■ **Dataset content**:
*** Begin section ***
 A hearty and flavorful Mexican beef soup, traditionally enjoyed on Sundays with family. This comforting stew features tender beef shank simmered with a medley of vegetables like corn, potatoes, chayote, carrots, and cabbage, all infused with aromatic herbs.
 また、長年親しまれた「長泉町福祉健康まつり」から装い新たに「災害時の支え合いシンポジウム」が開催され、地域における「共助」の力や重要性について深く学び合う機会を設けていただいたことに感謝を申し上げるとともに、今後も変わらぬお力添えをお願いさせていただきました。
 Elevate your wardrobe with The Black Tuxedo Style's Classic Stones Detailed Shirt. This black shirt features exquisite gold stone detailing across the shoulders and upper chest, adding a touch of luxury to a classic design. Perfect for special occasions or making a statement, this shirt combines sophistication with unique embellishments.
*** End section ***
*** Begin section ***
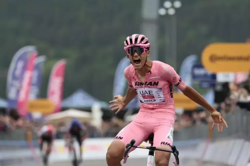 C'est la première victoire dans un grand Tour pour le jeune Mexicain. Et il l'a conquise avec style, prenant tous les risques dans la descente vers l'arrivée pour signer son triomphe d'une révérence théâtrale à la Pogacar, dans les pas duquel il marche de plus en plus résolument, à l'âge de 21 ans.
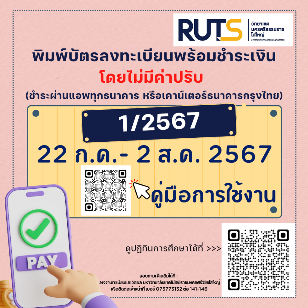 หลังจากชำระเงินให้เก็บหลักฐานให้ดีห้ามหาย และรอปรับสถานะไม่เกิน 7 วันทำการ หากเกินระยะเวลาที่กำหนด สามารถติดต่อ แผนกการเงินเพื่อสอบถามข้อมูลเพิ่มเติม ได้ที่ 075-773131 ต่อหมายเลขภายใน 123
*** End section ***
■ **Your assignment**:
If a line in the listing above contains the word "with", include it in your count, then give only the final number.

■ **Written response**:
2